Avrupa'ya dönecek olursak, Kremlin Çarı Vladimir Putin, Ukrayna savaşının "Slav fanatizmini" harekete geçirmesi ve Rusya'nın tarihi hedef alınma ve kuşatılma hissini uyandırmasının ardından beklendiği gibi yeniden seçildi.

Ukrayna savaşı, Putin'e dışarı ile hesaplaşmadan önce içeride kontrolünü sıkılaştırması için en güçlü gerekçeyi sağladı. DEAŞ’ın dün Moskova'ya ihraç ettiği saldırı sahnesi de Rusya'ya “kuşatma” endişelerini hatırlattı ve biriktirdi.

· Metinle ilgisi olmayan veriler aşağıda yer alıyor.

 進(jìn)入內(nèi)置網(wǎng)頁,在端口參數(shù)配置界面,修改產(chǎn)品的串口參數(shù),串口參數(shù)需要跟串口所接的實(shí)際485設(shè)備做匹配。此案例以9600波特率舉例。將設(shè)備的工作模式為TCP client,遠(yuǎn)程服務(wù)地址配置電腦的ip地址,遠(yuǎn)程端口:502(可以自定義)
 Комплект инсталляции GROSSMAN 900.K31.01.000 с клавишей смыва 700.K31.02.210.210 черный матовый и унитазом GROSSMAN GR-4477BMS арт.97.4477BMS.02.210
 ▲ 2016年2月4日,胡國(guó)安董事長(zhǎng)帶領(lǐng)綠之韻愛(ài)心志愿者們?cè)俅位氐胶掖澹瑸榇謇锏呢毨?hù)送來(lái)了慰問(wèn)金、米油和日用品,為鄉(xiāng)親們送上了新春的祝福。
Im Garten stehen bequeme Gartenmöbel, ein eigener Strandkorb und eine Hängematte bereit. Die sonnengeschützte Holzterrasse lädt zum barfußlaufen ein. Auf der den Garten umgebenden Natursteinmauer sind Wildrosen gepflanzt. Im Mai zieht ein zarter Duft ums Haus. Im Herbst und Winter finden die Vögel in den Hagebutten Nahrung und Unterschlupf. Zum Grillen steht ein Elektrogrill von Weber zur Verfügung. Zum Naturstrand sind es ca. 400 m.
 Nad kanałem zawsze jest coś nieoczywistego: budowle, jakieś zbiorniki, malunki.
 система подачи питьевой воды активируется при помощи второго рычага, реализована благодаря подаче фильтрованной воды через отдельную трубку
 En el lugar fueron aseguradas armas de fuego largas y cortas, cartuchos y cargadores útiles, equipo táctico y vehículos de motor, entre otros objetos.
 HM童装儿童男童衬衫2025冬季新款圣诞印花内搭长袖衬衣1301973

Kremlin'in 2011'den bu yana Suriye'de yaptıklarının, İsrail savaş makinesinin Filistin'de yaptığından ve yapmakta olduğundan çok da farklı olmadığı doğru. O dönemde Moskova'nın Suriye'de bir halkın çektiği acıyı değil, özellikle Libya'dan uzaklaştırılmasının ardından Batı'nın kendi aleyhine genişleme girişimini gördüğü söyleniyordu. Ancak Filistinlilerin hayatlarının, kaderlerinin ve geleceklerinin Washington için hiçbir şey ifade etmediği de bir gerçek. Büyüklerin hesaplaşmalarında ve vetolarında halklar her zaman listenin en altında yer alırlar.